(Stored data)

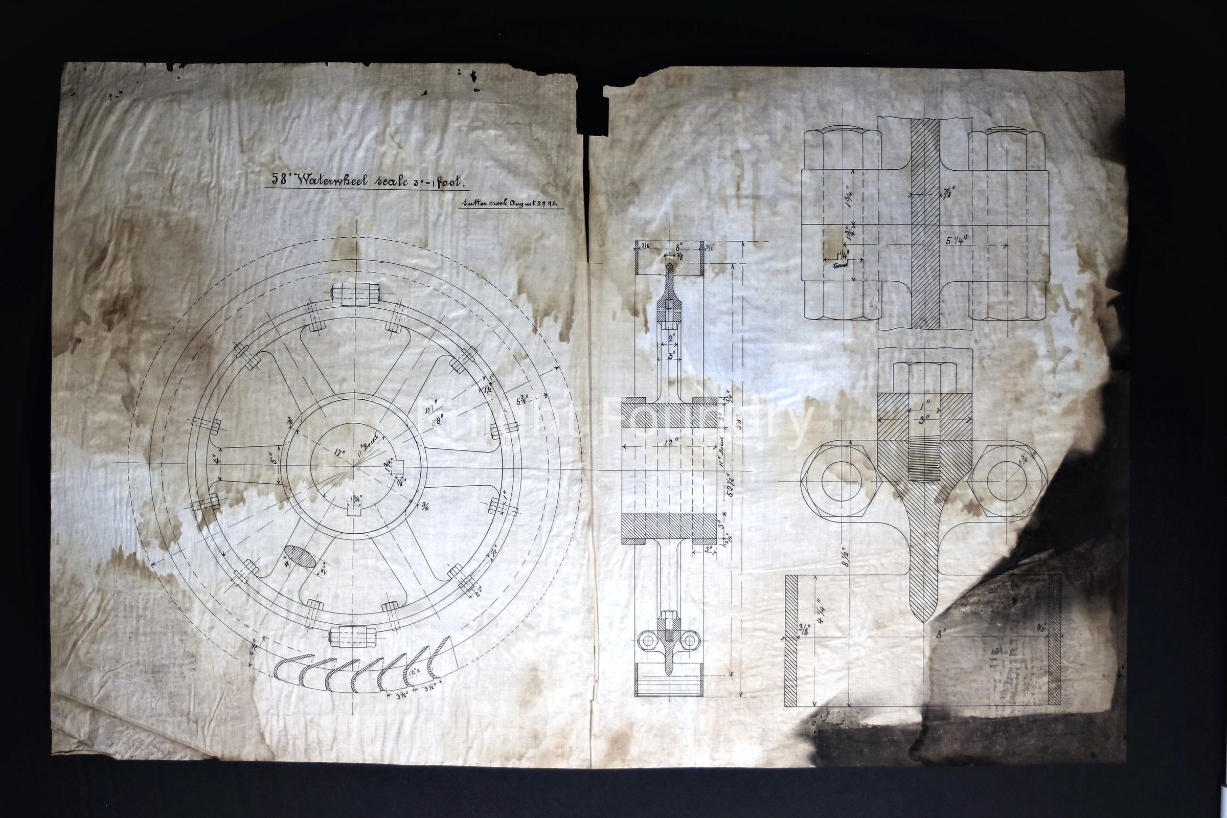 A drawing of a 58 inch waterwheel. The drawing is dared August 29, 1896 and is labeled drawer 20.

(End Stored data)
(Stored data)

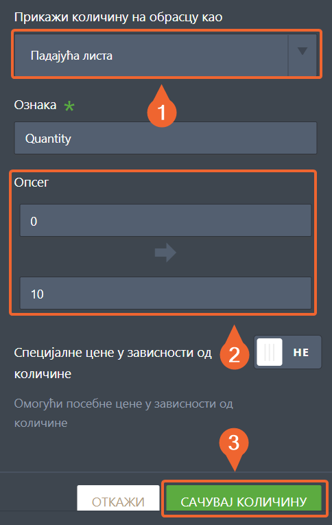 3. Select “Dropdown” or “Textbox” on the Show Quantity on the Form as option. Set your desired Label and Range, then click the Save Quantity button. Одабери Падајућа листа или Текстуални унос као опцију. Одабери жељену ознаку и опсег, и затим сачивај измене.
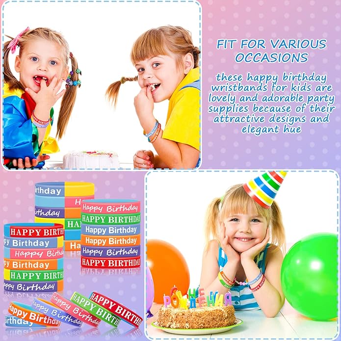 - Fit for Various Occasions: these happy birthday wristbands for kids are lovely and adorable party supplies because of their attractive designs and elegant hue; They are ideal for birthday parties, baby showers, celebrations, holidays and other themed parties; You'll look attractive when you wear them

(End Stored data)

The task -> Exactly reproduce the lines above, starting at the one that contains "затим сачивај измене." and ending at the one that contains "- Fit for Various", both inclusive; leave the pictures out and add no other lines.

Output for this task ->
 3. Select “Dropdown” or “Textbox” on the Show Quantity on the Form as option. Set your desired Label and Range, then click the Save Quantity button. Одабери Падајућа листа или Текстуални унос као опцију. Одабери жељену ознаку и опсег, и затим сачивај измене.
 - Fit for Various Occasions: these happy birthday wristbands for kids are lovely and adorable party supplies because of their attractive designs and elegant hue; They are ideal for birthday parties, baby showers, celebrations, holidays and other themed parties; You'll look attractive when you wear them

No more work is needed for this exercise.